CompaniesPREMIUM

Naspers issues earnings warning

Group says drop in earnings of up to 15% is due partly to reduced takings from China’s Tencent

Picture: BLOOMBERG
Picture: BLOOMBERG

Africa’s largest listed investment group, Naspers, says it expects to report a drop in earnings of up to 15% due to continued investment in its portfolio of e-commerce businesses and reduced takings from China’s Tencent. This comes in a period where the group’s stock has been battered by regulators in Asia and it has had to exit operations in Russia. 

Naspers said in a year “marked with continued global turmoil and uncertainty, which has made for a turbulent operating environment”, the period “was a year of progress”.

“We remained focused on executing our long-term strategy and delivering strong operational growth across our core segments.”

While the group expects to report a tripling in earnings per share, the group considers core headline earnings “an appropriate indicator of the operating performance”, as it adjusts for non-operational items. Core headline earnings per share for the year is expected to decrease by between 122c and 65c a share, or a drop of up to 15%, for the year to end-March.

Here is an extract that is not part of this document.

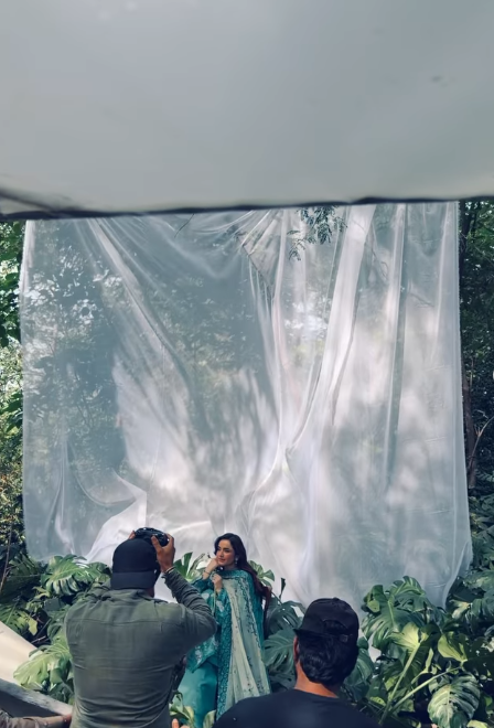 The post also included behind-the-scenes shots from a professional outdoor shoot. Yumna was seen in a teal traditional outfit surrounded by flowing fabrics and crew members. These candid glimpses highlighted her dedication to her craft while maintaining her signature elegance.

“This is primarily due to continued investment in growth adjacencies in our e-commerce businesses, a decreased contribution from Tencent due to the 2% divestment earlier this year, and increased net finance cost,” said the group.

David Shapiro, chief global equity strategist at Sasfin Securities,  said the announcement of lowered earnings was not a shock considering Tencent’s recent numbers.

“With Tencent making up around 110% of profit and the other businesses contributing about 10%, I don’t think it’s a big surprise,” said Shapiro.

The financial results of Naspers’ international unit, Prosus, almost completely account for its results.

Core headline earnings per share for Prosus is expected to decrease by 63c-42c a share, or between 21% and 14%. 

Naspers has until recently focused mainly on food delivery, fintech and classifieds, but is now investing more in education technology (edtech), driven by increased online demand in the wake of Covid-19.

The group invested $6.2bn in new acquisitions during the period and in its existing businesses, mainly in edtech and food delivery.

In August 2021, the group made its largest acquisition to date, buying out Indian digital payments provider BillDesk for $4.7bn, about R68bn at the time. Two months prior, in June, Prosus said it would acquire Stack Overflow, a knowledge-sharing platform for developers and technologists, for $1.8bn.

In addition to mergers & acquisitions, the group also used its immense cash pile to complete a $5bn share buyback, the largest yet on the JSE; and a complex share deal between Naspers and its subsidiary, concluded late in 2021. 

Naspers and its Amsterdam listed subsidiary have been battered over the past year due to a crackdown on technology companies by Chinese authorities. Prosus lost almost a fifth in 2021, wiping off more than R400bn as investors continued to worry about the safety of their capital in the Asian country.

With loosening by Chinese regulators in June, the group’s stock has been staging a recovery, up 15.3% over the past month.